Indonesia – Pandemic has been with the world for two years already and nations try their best to formulate a new drug or vaccine to combat the transmissible virus. In view of this, The Merah Putih vaccine candidate, which is being developed by Indonesian scientists, is part of an initial effort launched to handle coronavirus pandemics in future.
The strategy implemented by BPOM for supporting the indigenous development of domestic vaccines involved seeking assistance from many parties, including PT Biotis Pharmaceutical Indonesia, which will work with Unair in testing its vaccine on human subjects.
For this reason, The protocol for the clinical trial of the Merah Putih vaccine must run according to the provisions, while ensuring the authenticity and validity of data so that the vaccine can be registered and cleared by BPOM for use. With the Merah Putih vaccine candidate, Indonesia is expected to be better equipped to cope with future pandemics more quickly.
Due to the urgent need for ensuring public health, vaccine development has been made a part of the government’s priorities, remarked Brodjonegoro, who also heads the National Research and Innovation Agency (BRIN).
In addition to this, Lukito said that BPOM has also been tasked with supporting the production facilities of the pharmaceutical industry.
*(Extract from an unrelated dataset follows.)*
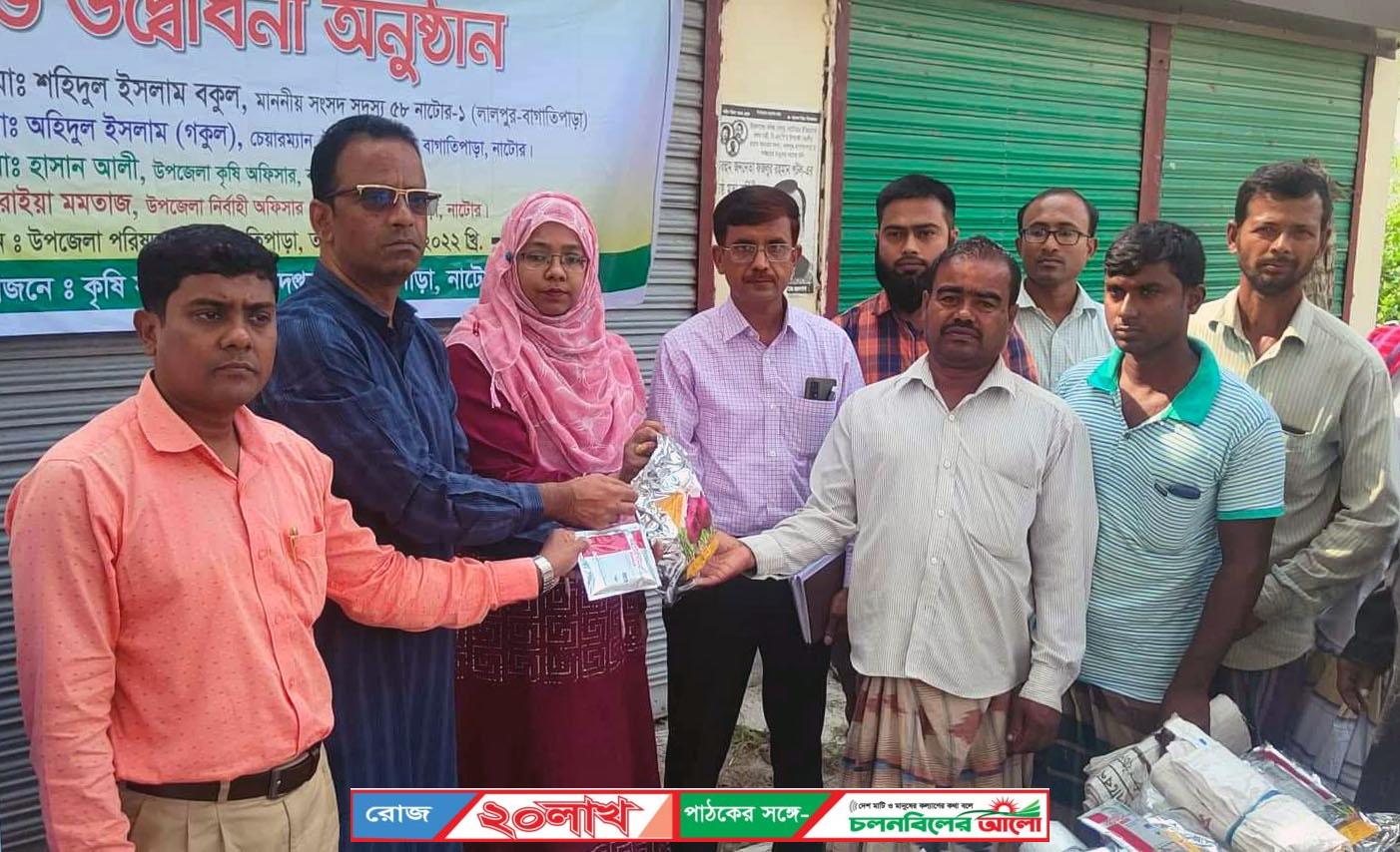 নাটোরের বাগাতিপাড়ায় কৃষি প্রণোদনা কর্মসূচী ২০২২-২৩ অর্থবছরে খরিপ মৌসুমে ক্ষুদ্র ও প্রান্তিক কৃষকদের মাঝে বিনামূল্যে গ্রীষ্মকালিন পেঁয়াজ বীজ, সার ও অন্যান্য উপকরণ বিতরণ করা হয়েছে। বৃহস্পতিবার সকালে উপজেলার পরিষদ চত্তরে কৃষি সম্প্রসারণ অধিদপ্তরের আয়োজনে ১০০ জন ক্ষুদ্র ও প্রান্তিক কৃষকদের মাঝে এসব প্রণোদনা বিতরণ করা হয়। বিতারণকালে ইউ.এন.ও (ভারপ্রাপ্ত) সুরাইয়া মমতাজ’র সভাপতিত্বে ও কৃষি কর্মকর্তা এম হাসান আলী’র সঞ্চালনায় উপস্থিত ছিলেন জেলা কৃষি সম্প্রসারণের উপ-পরিচালক আব্দুল ওয়াদুদ, উপজেলা পরিষদের চেয়ারম্যান অহিদুল ইসলাম গকুল ও উপজেলা প্রেসক্লাব’র আহŸায়ক আরিফুল ইসলাম তপু প্রমুখ। পরে পৌরসভা ও ৫ টি ইউনিয়নে ১০০ জন কৃষককে ১ কেজি পেঁয়াজ বীজ, ২০ কেজি ডিএপি, ২০কেজি এমওপি সার, পলিথিন, সুতলী ও ১’শ গ্রাম বালাইনাশক বিতরণ করা হয়। পাশাপাশি জমি প্রস্তুত, সেচ, বাঁশ ক্রয় ও শ্রমিক খরচ বাবদ সকলকে ‘বিকাশ’ এর মাধ্যমে নগদ ২ হাজার ৮শ’ টাকা প্রদান করা হবে বলে নিশ্চিত করা হয়।

The goal is to have production facilities that meet the Good Laboratory Practices (GLP) standard or good drug production methods which was utterly explained. Along with this, It’s important to ensure that the production guarantees the quality, safety, and efficacy aspects (recorded) during research and clinical trials.
The COVID-19 pandemic has pushed BPOM to use various strategies to accelerate innovation and regulate clinical trials in the country, Lukito has shared. Consequently, There should have taken several years has been shortened while still prioritizing the aspects of quality, safety, and efficacy of pharmaceutical products.
Morever, BPOM has also intensified communication with the World Health Organization (WHO) and foreign drug regulators so that domestically produced vaccines can fulfill international standards in terms of quality and efficacy.